Menandro e il suo “rapporto” con Euripide

Menandro nacque a Cefisia, demo di Atene, nel 342/1 a. C. Di origine nobile, frequentò gli ambienti dei filosofi: fu compagno di fanciullezza di Epicuro e, probabilmente, allievo del filosofo Teofrasto (discepolo di Aristotele).

Rispetto alla commedia antica, Menandro introdusse alcune novità nella scansione della rappresentazione teatrale. Innanzitutto fissò l'attenzione, come Euripide, sul prologo in cui sono raccontati sia l'antefatto sia la conclusione della commedia per consentire agli spettatori di concentrarsi non sulla trama, ma su come questa viene rappresentata.

La commedia di Menandro nasconde spesso fini etici La commedia di Menandro nasconde spesso fini etici. In questo, ha molto in comune con Euripide, che, al di là delle storie luttuose che narra, mira ad indirizzare l’uditorio verso un comportamento corretto.

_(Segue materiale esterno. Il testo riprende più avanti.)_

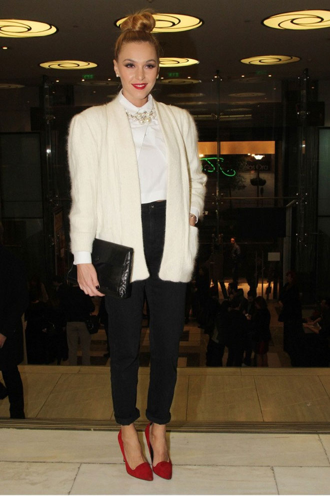 Συγκεκριμένα, φόρεσε λευκή μοχέρ ζακέτα πάνω από το μαύρο cigarette παντελόνι, τα οποία συνδύασε με λευκό πουκάμισο και statement κολιέ και μαύρο φάκελο.
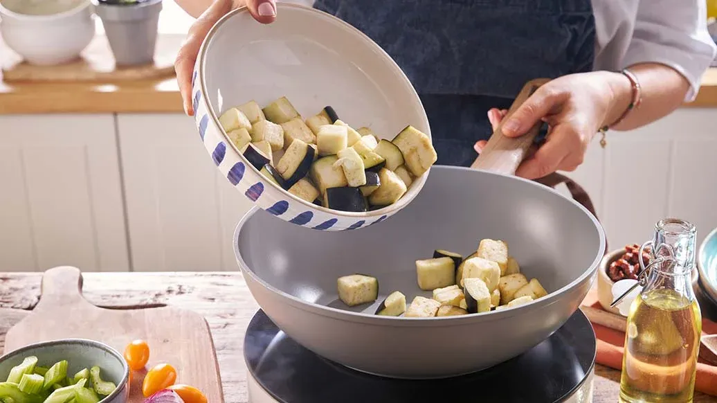 Este salteado rebosa de sabores mediterráneos: la intensidad de la berenjena, la dulzura del tomate seco y el frescor de la albahaca, unidos por el umami de la Salsa de Soja Naturalmente Fermentada Kikkoman.
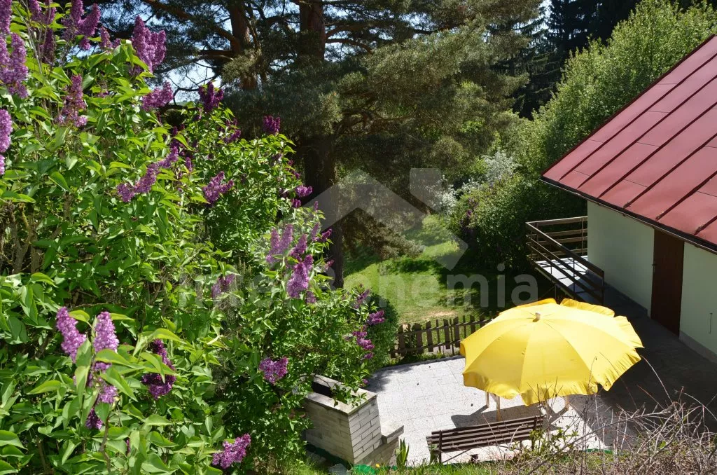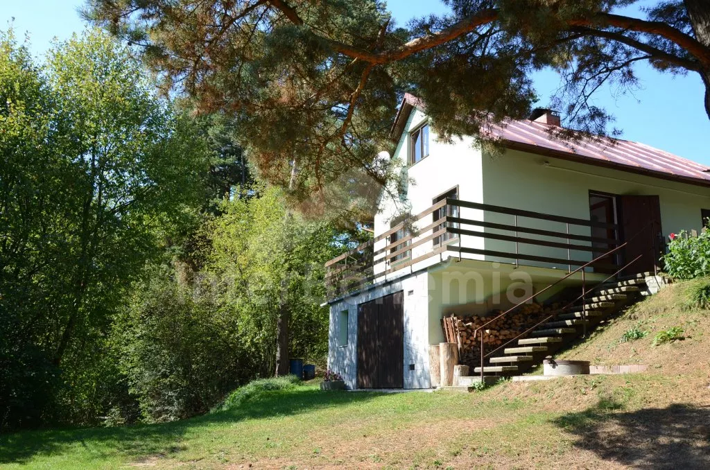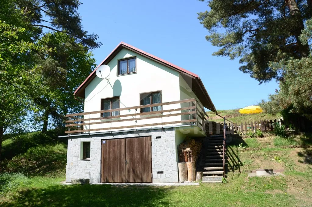 Volně stojící chata, dobře a útulně zařízená. Vstup, obývací pokoj se sedací soupravou a dvěma křesly, jídelním stolem pro 6 osob, krbovými kamny a televizí se satelitním příjmem. Otevřená kuchyně s plynovým sporákem, lednicí, mikrovlnnou troubou a varnou konvicí. V patře se nachází dvě ložnice – jedna s dvojlůžkem a druhá s jedním dvojlůžkem a dvěma samostatnými lůžky. V suterénu chaty se nachází koupelna se sprchovým koutem a toaletou a místnost vhodná pro úschovu kol. Vytápěno krbovými kamny. Chata stojí na vlastním (neoploceném) pozemku, k dispozici je hezká terasa se zahradním nábytkem, zastřešená pergola k posezení u zahradního krbu. Vlastní parkoviště.
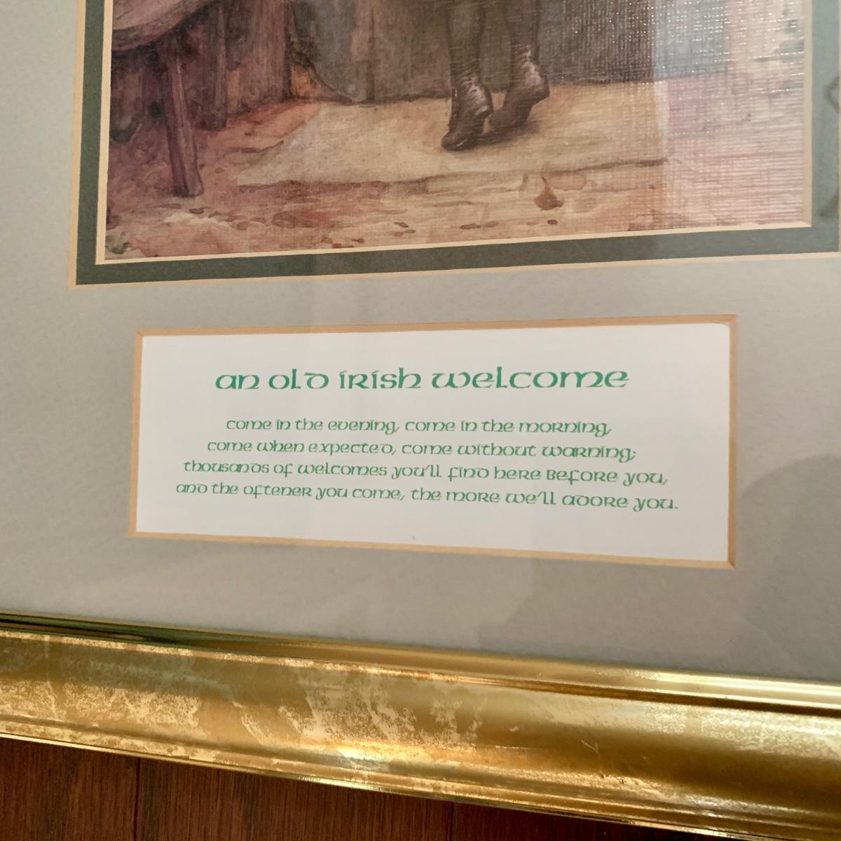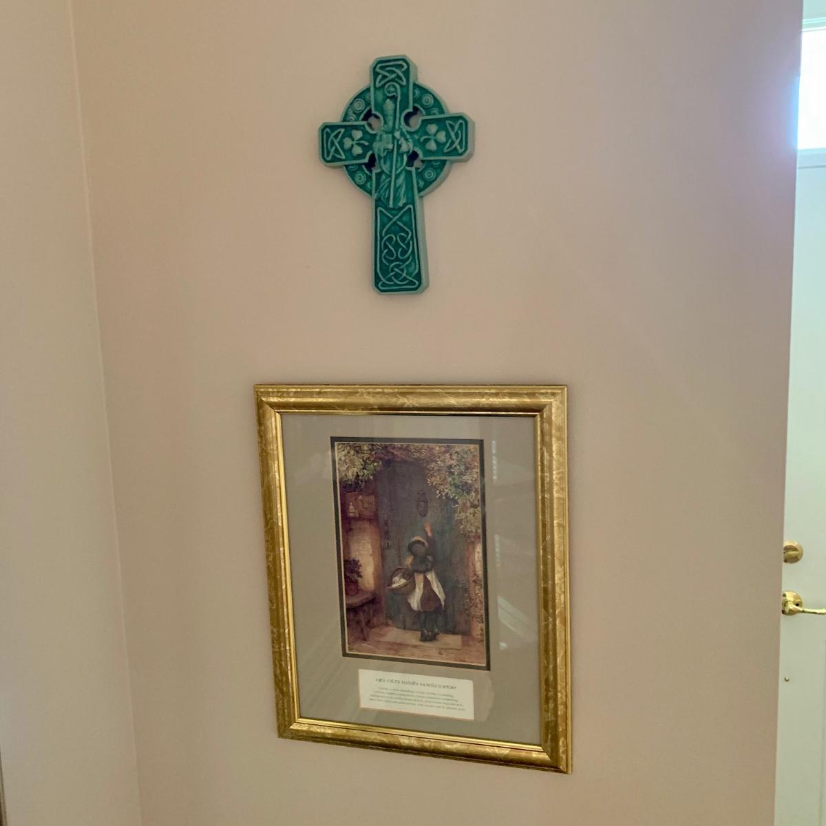 LOT 239 D: Irish Hanging Wall Decor: Framed “An Old Irish Welcome” & Celtic Cross

Pare che Menandro abbia avuto grande venerazione per la tragedia Ione, da cui ha sicuramente tratto i temi ricorrenti nella sua produzione. Le sue opere sono costruite intorno a imprevisti cambiamenti di situazione, a fatti ricorrenti come esposizioni di neonati, riconoscimenti improvvisi, rapimenti. Tipico della Commedia Nuova è il tema del riconoscimento, già molto usato nel tardo Euripide: la rivelazione di un inaspettato legame di parentela è determinante per sciogliere situazioni complicate e non risolvibili dall'agire umano.

L’interesse profondo e critico sui rapporti familiari è comune ai due generi, e in particolare, sia in Euripide che in Menandro, c’è molta attenzione alle relazioni tra genitori e figli, tra fratelli e tra moglie e marito.

Eredità sempre euripidea, specie dell'ultima fase della sua produzione tragica , è l'ampio intervento riservato all'imprevedibilità della Tyche, che, dopo aver rovesciato capricciosamente situazioni e destini, li ricompone nella necessità del lieto fine.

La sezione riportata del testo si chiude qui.